翌日清晨,天光微亮,王清夷便起身梳洗。
昨夜回来后,想到谢大人周身紫气越发浓郁,便推演了半宿,睡下时已近子时三刻。
加之近期上京城上空流转的气流变幻莫测。
很难心无旁骛。
她心中隐隐有猜测,秦建业近期便会动手。
刚洗漱妥当。
染竹端着茶点进来,搁在桌案上,见郡主正倚在窗前出神,便没有出声打扰。
王清夷望着窗外初升的日头,脑海中的推演始终差了那么一层。
紫气从背脊入龙眸——
按道门典籍所载,龙脉紫气移至龙眸,便意味着,龙脉察觉危机,正在自行寻找破解之法。
可龙脉没有灵智,无法自行查找。
除非有人以秘法牵引。
而能做到这一步的,当世屈指可数。
秦建业算一个。
难道除了六道门,秦建业还留有后手?
王清夷若有所思。
她收回视线,端起茶盏轻抿一口。
“郡主。”
染竹这才开口,声音压得极低。
“十五和十七过来了,在院外候着。”
王清夷端着茶盏的手微微一顿,眼眸微张,眼底划过一抹惊喜。
“十五回来了?”
她放下茶盏,站起身来。
“让他们到书房说话。
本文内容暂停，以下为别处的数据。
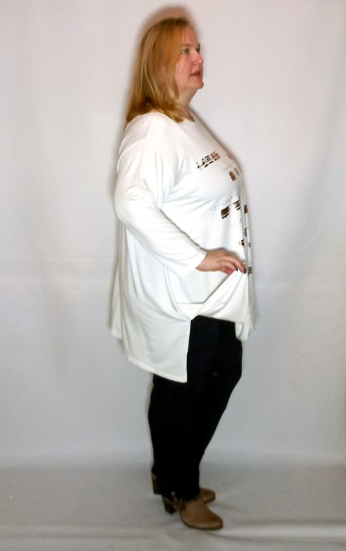 Удлиненная туника А-силуэта выполнена из высококачественного, трикотажного полотна с 95% содержанием вискозы.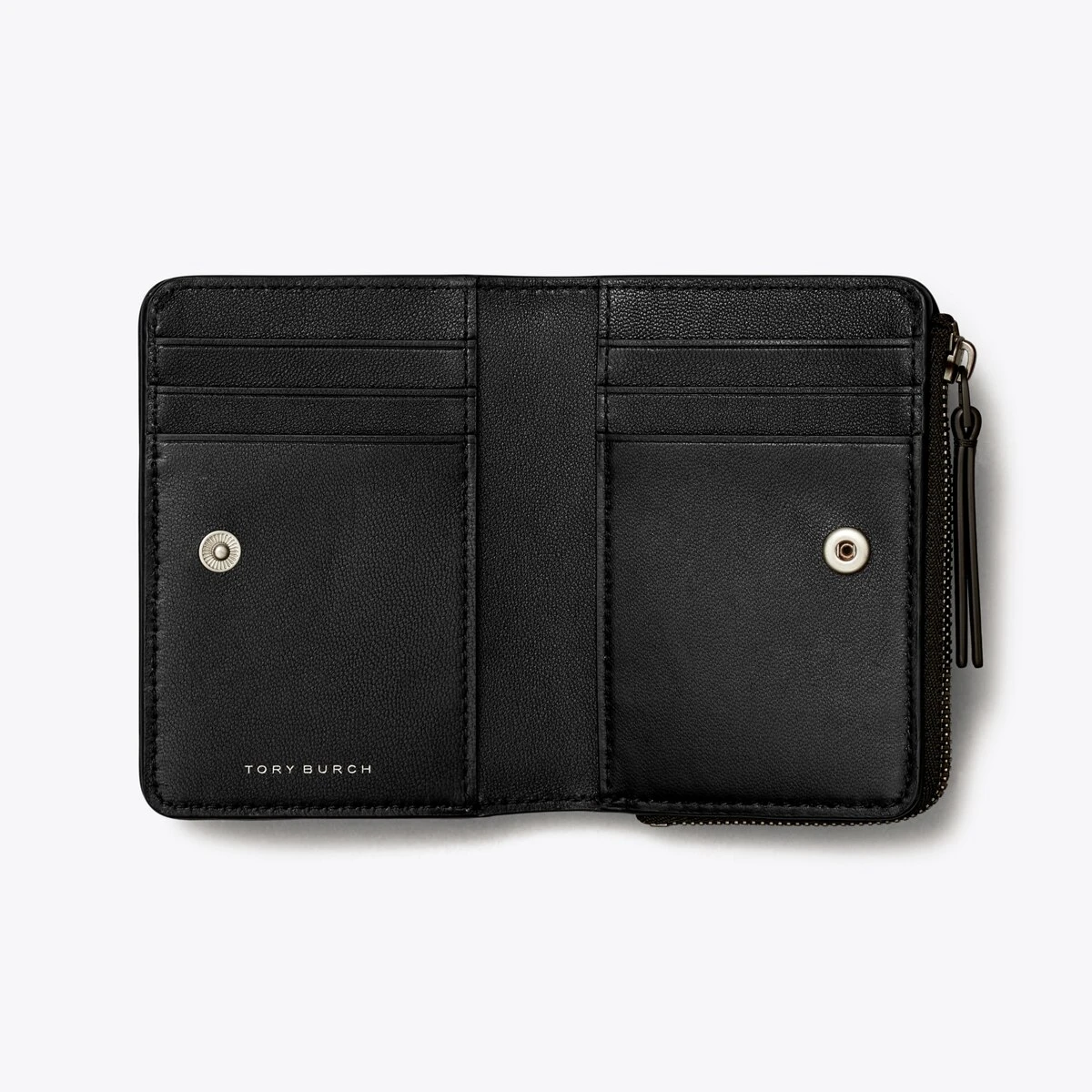The Kira Bi-Fold Wallet is made of soft chevron-quilted leather with beveled Double T hardware. It is perfectly sized for mini bags, with multiple compartments, including a coin pocket.

”
“是。”
染竹含笑应了一声,转身走了出去。
王清夷理了理衣襟,抬脚往书房走去。
昨夜推演时,她还在想,六道木的事不能再拖,没想到十五今日便到。
她走到书房,刚在书案后坐定。
廊外便传来脚步声。
染竹引着两人进了书房。
玄十五走在前面,他身形魁梧,一身深青短褐,风尘仆仆却精神抖擞。
玄十七紧随其后,眉头微凝,左手手腕处有明显伤口,伤口红肿、渗血。
“属下参见郡主。”
两人齐齐抱拳,躬身行礼。
“你们坐下说话。”
王清夷抬手示意,目光在十七手腕那道伤口停了停,并未多言。
染竹端着茶盘上前,给二人各斟了一盏茶,茶汤碧绿,热气袅袅。
玄十五接过茶盏,道了声谢,也不客气,仰头喝了一大口。
王清夷待二人面色微缓,方开口说话。
“十五,这一路辛苦了。”
玄十五挠了挠头,笑容爽朗,露出一口白牙。
“郡主这话说的,属下可不辛苦,倒是那棵树,比预想的粗壮不少,属下一路小心护着,就怕磕了碰了,误了郡主所托。”
王清夷唇角微扬,没有接话,只问。
“那棵树,现在何处?”
玄十五与玄十七对视一眼,收敛了笑意,正色道。
“回禀郡主,属下昨日傍晚便到了北门。”
他拧着眉梢,像是在回忆当时的景象。
“本想着趁城门关之前运进来,谁知还没到城门口,便发觉有些不对。”
王清夷眸光微凝。
“如何?”
“守城的城门将比往常多了三倍不止,盘查极严。”
玄十五眉头微皱。
“盘查的都是生面孔,不光查验路引文牒,连运货的马车都要掀开篷布查看,属下担心出了岔子,便没敢进城——”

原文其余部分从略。